Епископ, наконец, выплатил долг, и Йегуда вернулся домой, терзаемый мучительными раздумьями о том, какая же вера истинна: «С одной стороны, если иудеи заблуждаются, христиане, возможно, следуют Господним заповедям. Если соблюдение законов по-прежнему угодно Богу, он бы не стал лишать евреев, соблюдающих эти законы, своей милости, рассеивать их среди народов земли, отнимать у них родину и все блага. И с другой стороны, если он проклял христианскую секту, он бы не допустил ее распространения по всей земле и процветания». Барух осуждал Йегуду за чрезмерное сближение с христианами, но неожиданно заболел и умер, в чем Йегуда углядел знак свыше. Он молил Бога об откровении – указании, какую веру ему предпочесть, – и для этого держал трехдневный пост, предусмотрительно объединив христианские и еврейские правила: «Я знал, что евреи и христиане придерживаются разного распорядка поста, ведь христиане едят в дни поста в девять часов, воздерживаясь от мяса, а евреи держат пост до вечера, зато потом могут есть мясо и все что угодно.

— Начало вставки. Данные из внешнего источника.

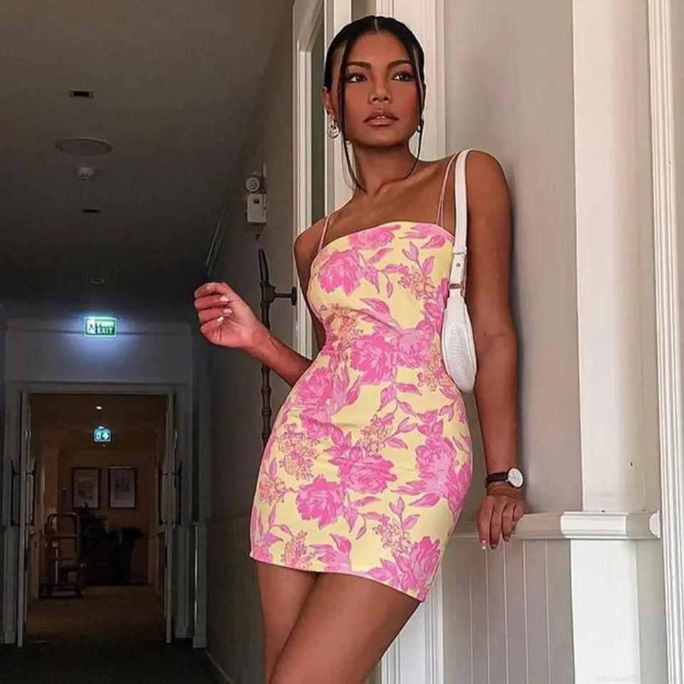 • Sexy Women's Rose Floral Print Mini Dress Spaghetti Strap Bodycon Off-Shoulder Sleeveless Yellow Pink Summer Vacation Party Clubwear Outfits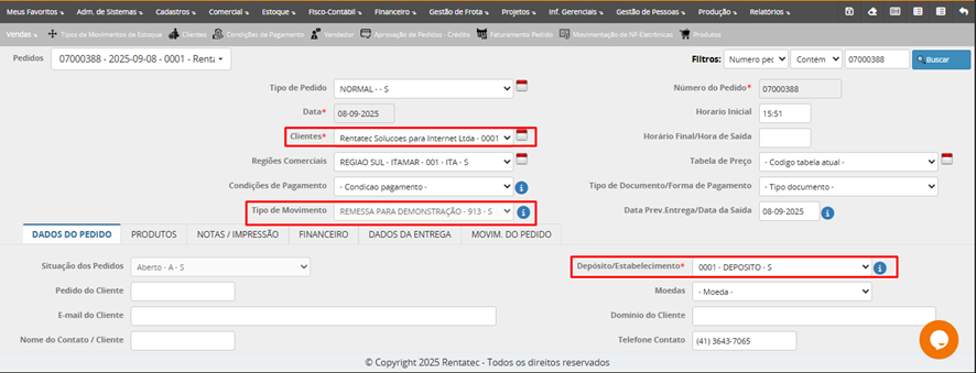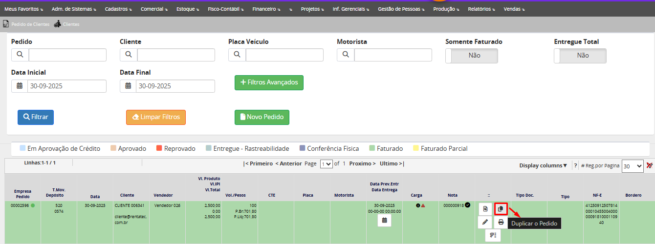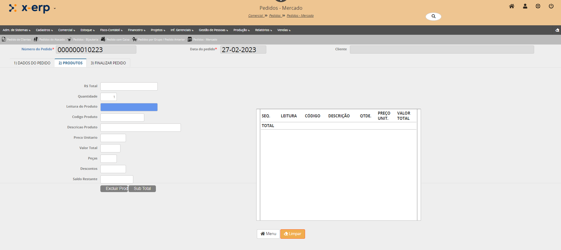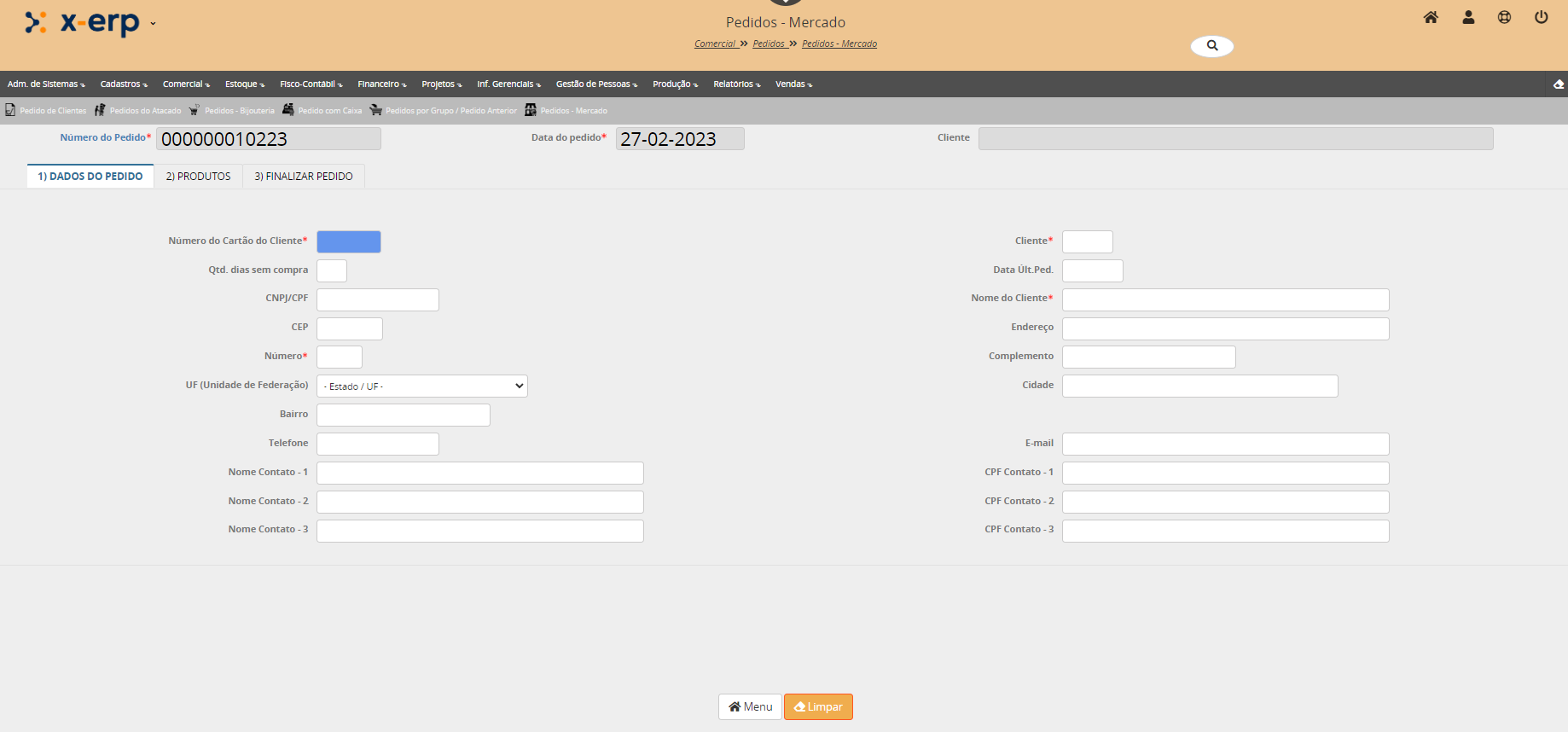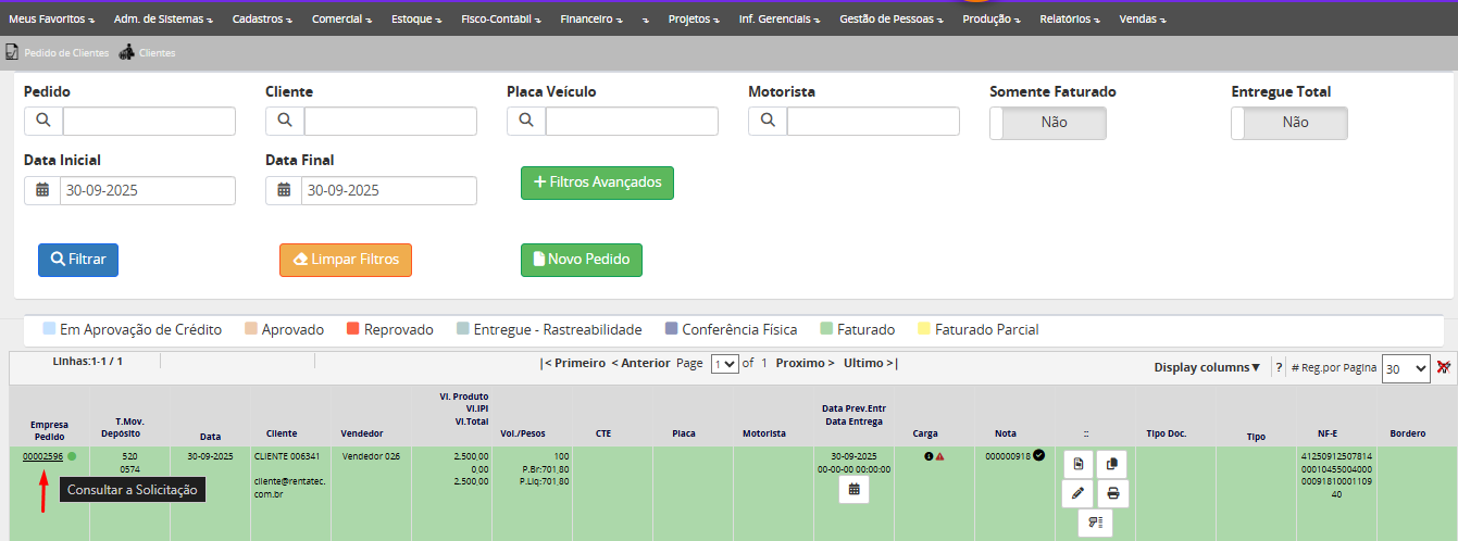 O cadastro de Comissão no Pedido é acessado pelo programa pedido de Cliente.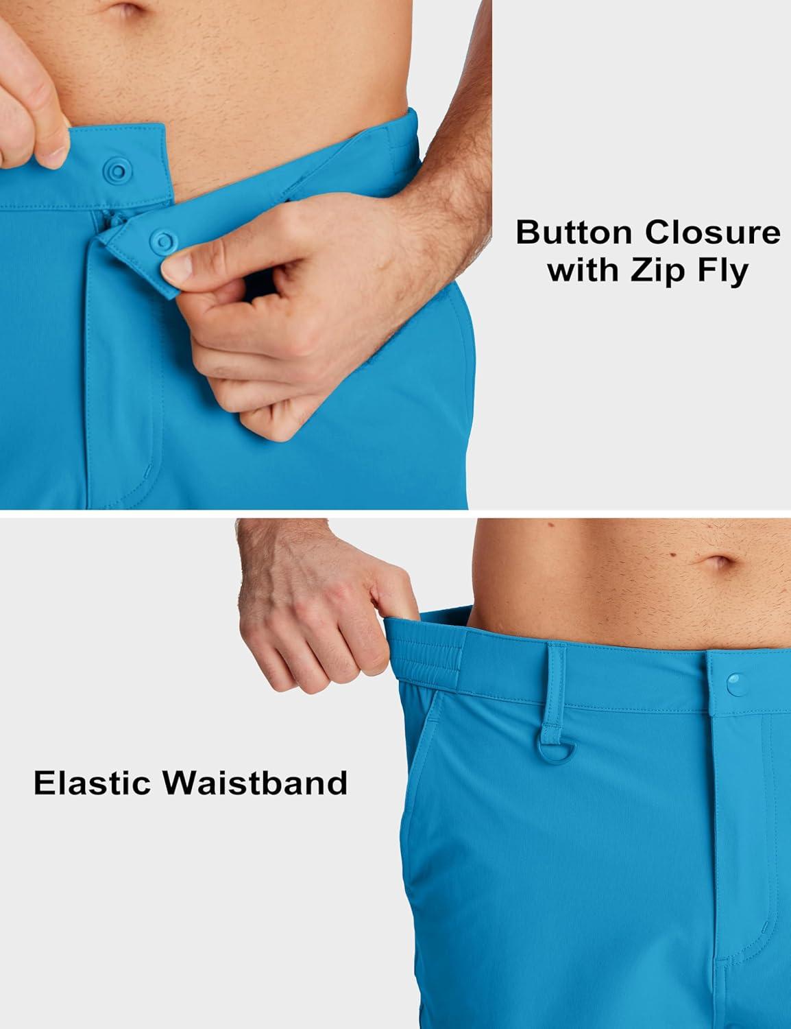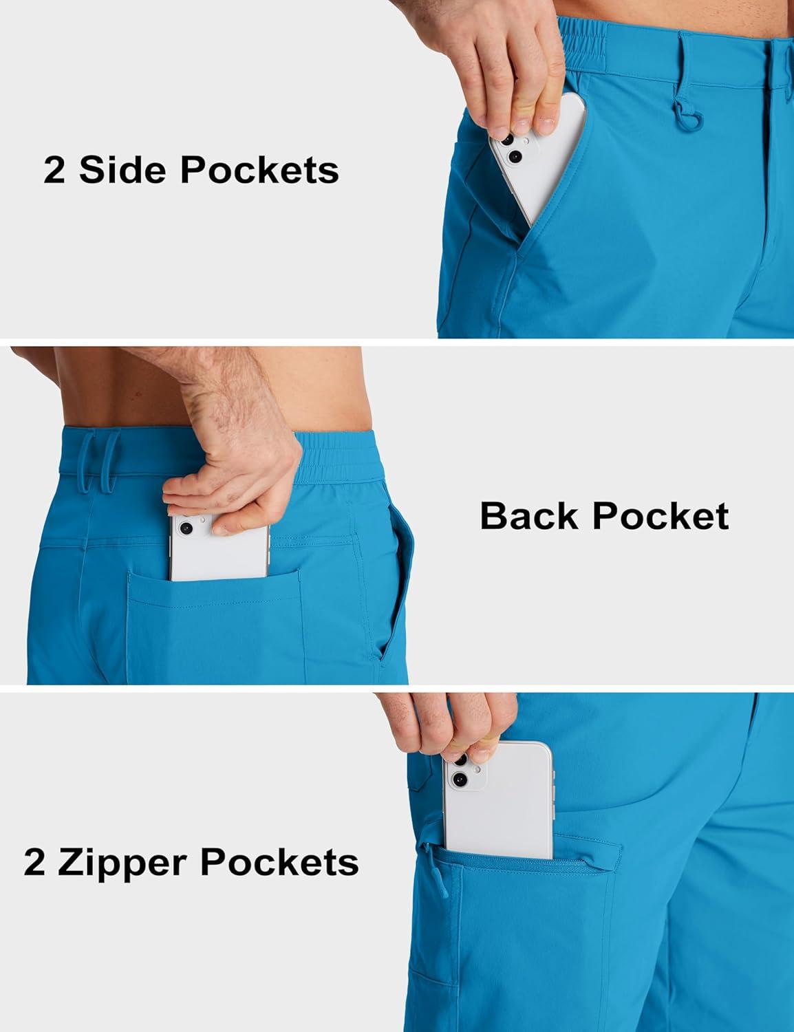 MAGCOMSEN Men’s Hiking Cargo Shorts Quick Dry Lightweight 9″ Golf Shorts Summer Casual Work Outdoor with 5 Zipper Pockets(Ice Blue)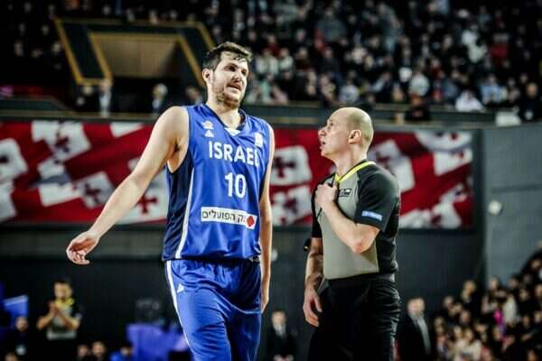 צילום: פיב"א אירופה // גיא פניני בא בטענות לשופט, אתמול במשחק ההפסד בגיאורגיה

Но я не знал, какой обычай более приятен Богу, и решил соблюсти оба».
Под угрозой экскоммуникации Йегуде пришлось жениться, поскольку он уже был помолвлен, но вскоре после свадьбы сомнения вернулись, и он стал осенять себя крестным знамением и ожидать видения с божественным откровением. Наконец, он удостоился нового сна, «необычайно сладостного», в котором «небеса разверзлись» и Йегуда увидел «Господа Иисуса», сидящего на «величественном троне» и «держащего над правым своим плечом вместо скипетра крест свой». Сон окончательно убедил Йегуду, и он бежал из Кельна, проповедовал в синагогах против иудаизма, перехватил письмо своей общины в майнцскую с просьбой схватить его и наказать, скрывался в монастырях и, наконец, крестился. Только после крещения Герман осознал истинное значение своего отроческого сна:
И тогда, впервые, я понял сон, который видел еще до своего крещения, изложенный в самом начале этого малого труда. Он показывал мне, что со мной произойдет в будущем. […] Я сидел на царском коне, поскольку «благодать [крещения] во мне не была тщетна» (1 Кор 15:10), но я всегда старался с божьей помощью взрастить эту благодать духовными упражнениями и использовать ее с пользой. Вслед за Христом-императором я «не любил мира, ни того, что в мире» (1 Иоан 2:15) и отрекся не только от имущества своего, но и от самого себя из любви к Нему…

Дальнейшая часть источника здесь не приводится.